Probably hard since he isn't making them anymore.


----------



## coldcall420 (Aug 2, 2007)

Thats why I threw the twist the arm thing in........I know he hasnt been makin them 4 a while.......:confused05: But when your one of the better graphics people......your always in demand.....


----------



## plazzman (Mar 29, 2007)

Excellente


----------



## NikosCC (May 16, 2007)

Thanx guys.. Sorry Cold but I am Retired.


----------



## JT42 (Dec 31, 2006)

As always you do fantastic work on those matchup sigs. Now lets all just pray they actually make this matchup so you can sport that :thumb02:


----------



## CornbreadBB (Jul 31, 2008)

Holy shit, this is good work, now make me ******* Jessica Alba so I can show off....


----------



## UFCFAN33 (May 29, 2006)

Looks good man! You do some very nice work, keep it up.


----------



## yorT (Apr 22, 2007)

Nice work, please make this a reality soon Joe.ray02:


----------



## bbjd7 (Apr 9, 2007)

Too bad Thiago is going to beat Machida but very nice job.


----------



## yorT (Apr 22, 2007)

bbjd7 said:


> Too bad Thiago is going to beat Machida but very nice job.
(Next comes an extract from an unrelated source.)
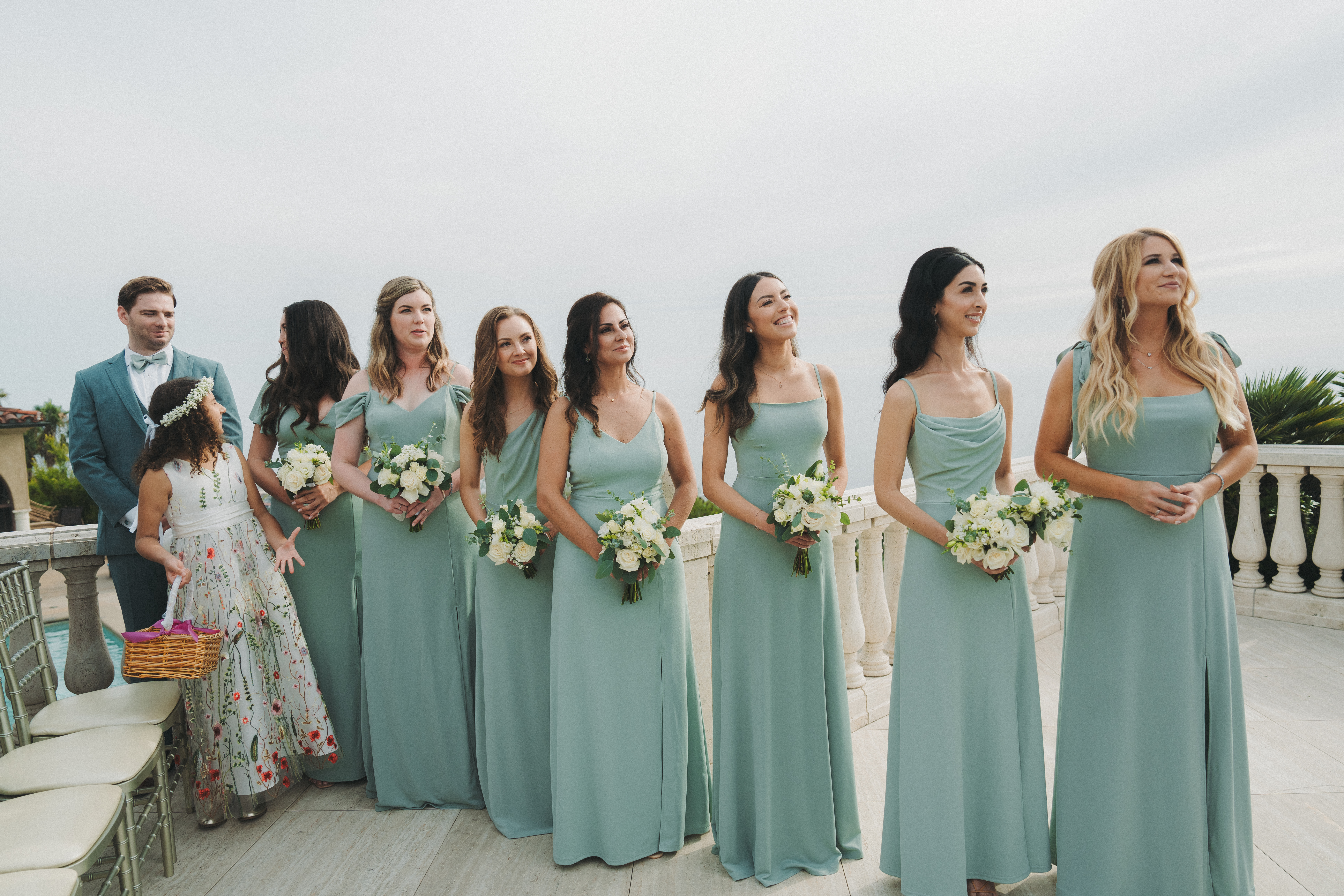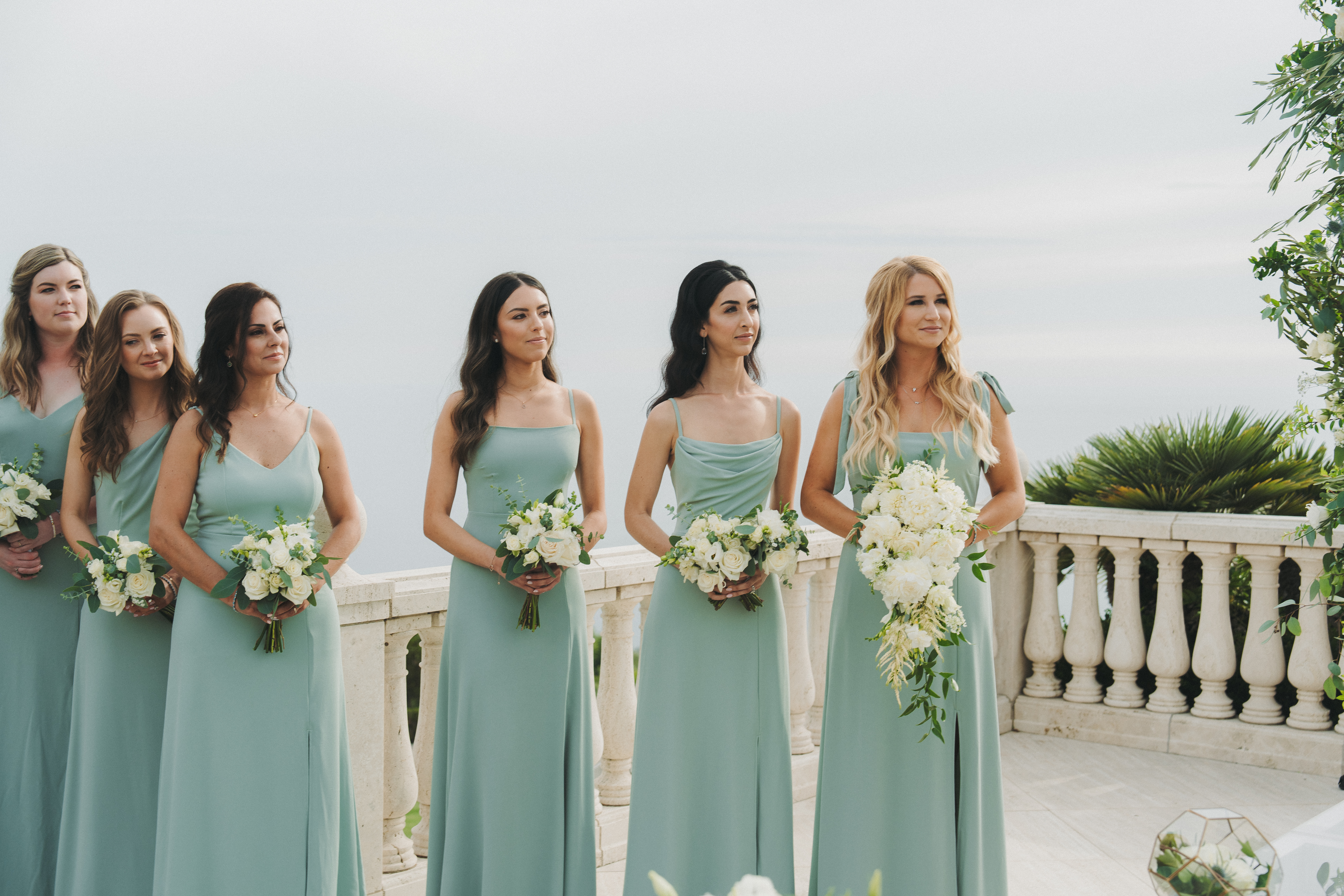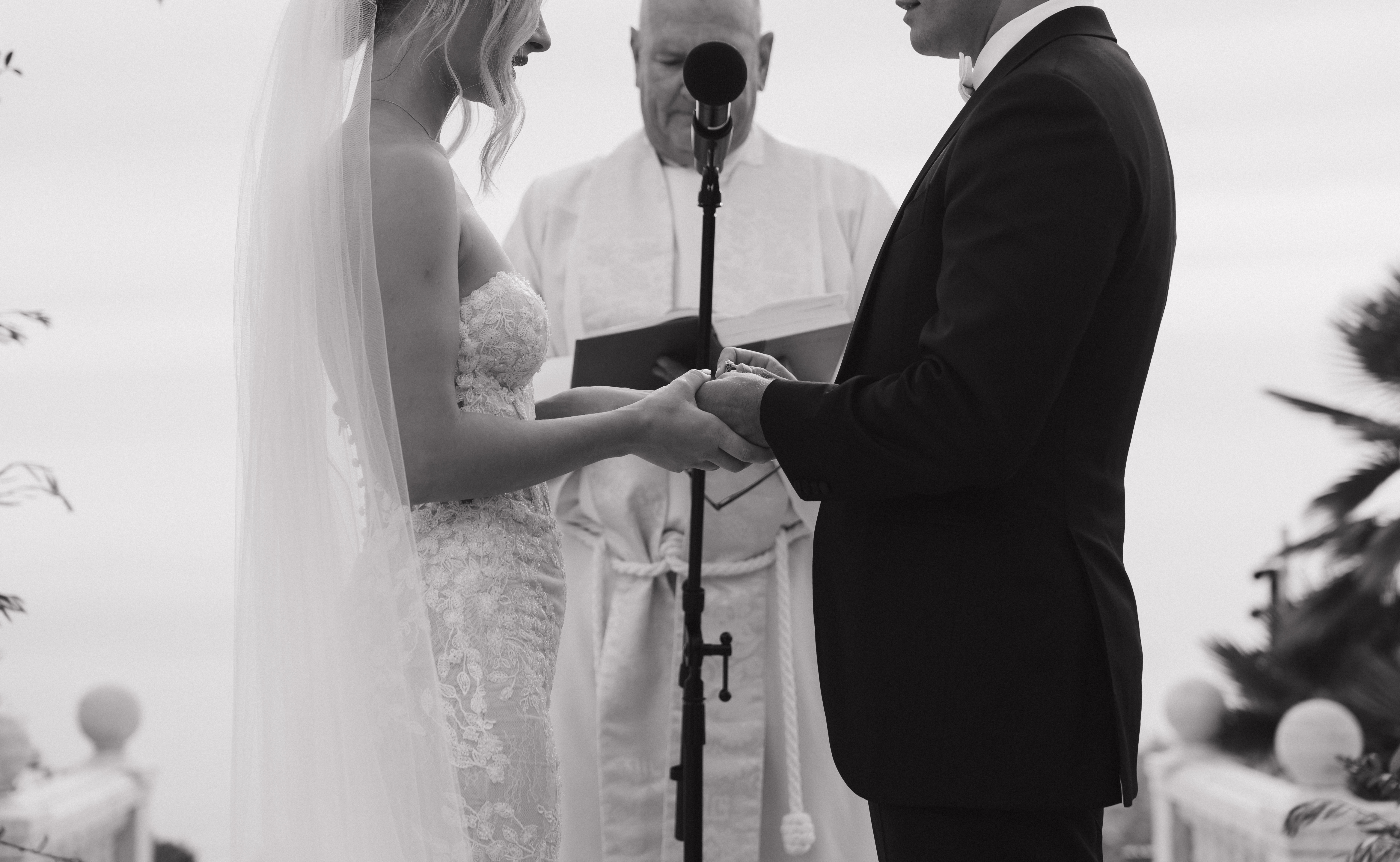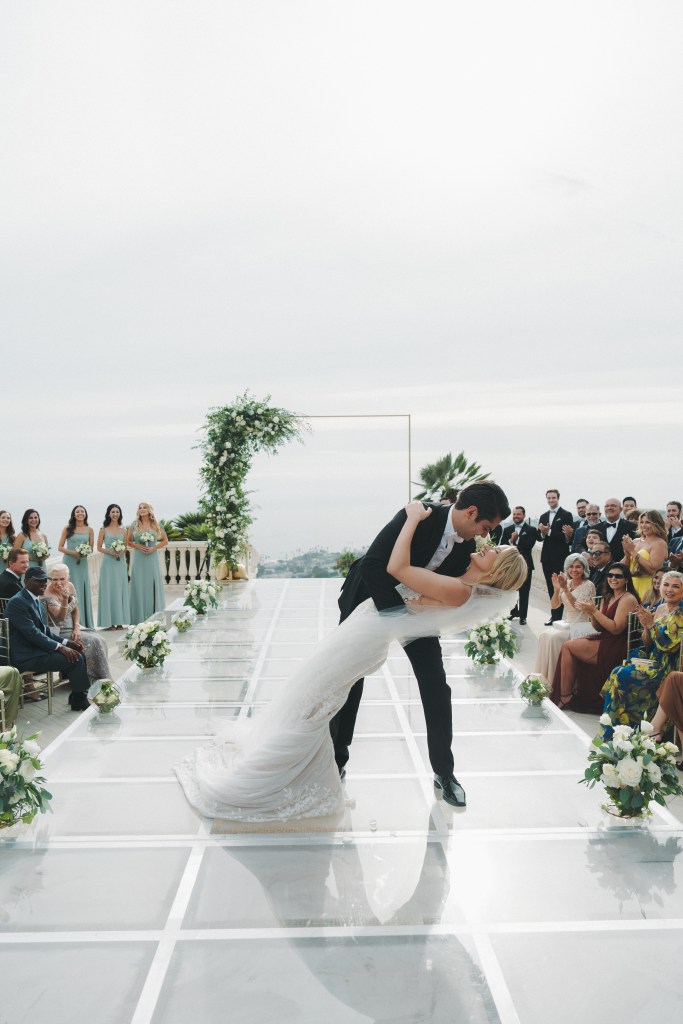 Our ceremony was set overlooking the Pacific Ocean. The villa where we were married has a beautiful fountain, which we covered in sturdy plexiglass to turn into a raised aisle. With our family and friends surrounding us, we said “I Do.” Having God be at the center of our ceremony was deeply important for us, and we were fortunate enough to have my childhood pastor (Episcopalian), officiate. We also had two friends speak during our ceremony. The first read the ever-loved passage from 1 Corinthians 13, our second speaker wrote a poem.

Haha, were you dreaming when you wrote this?


----------



## coldcall420 (Aug 2, 2007)

bbjd7 said:


> Too bad Thiago is going to beat Machida but very nice job.


 
You wanna sig bet that BBJD....???:dunno:


----------



## bbjd7 (Apr 9, 2007)

Of course not it's a huge underdog.


----------



## coldcall420 (Aug 2, 2007)

bbjd7 said:


> Too bad Thiago is going to beat Machida but very nice job.





bbjd7 said:


> Of course not it's a huge underdog.


 
The same person posted these right??:confused02: No faith in Thiago??


----------



## bbjd7 (Apr 9, 2007)

None at all. I think he will win.


----------



## coldcall420 (Aug 2, 2007)

Hmm.........:confused05:


----------



## bbjd7 (Apr 9, 2007)

I think he will win but I don't have much confidence. I think his pace will give Lyoto trouble but I'm not confident in that opinion.


----------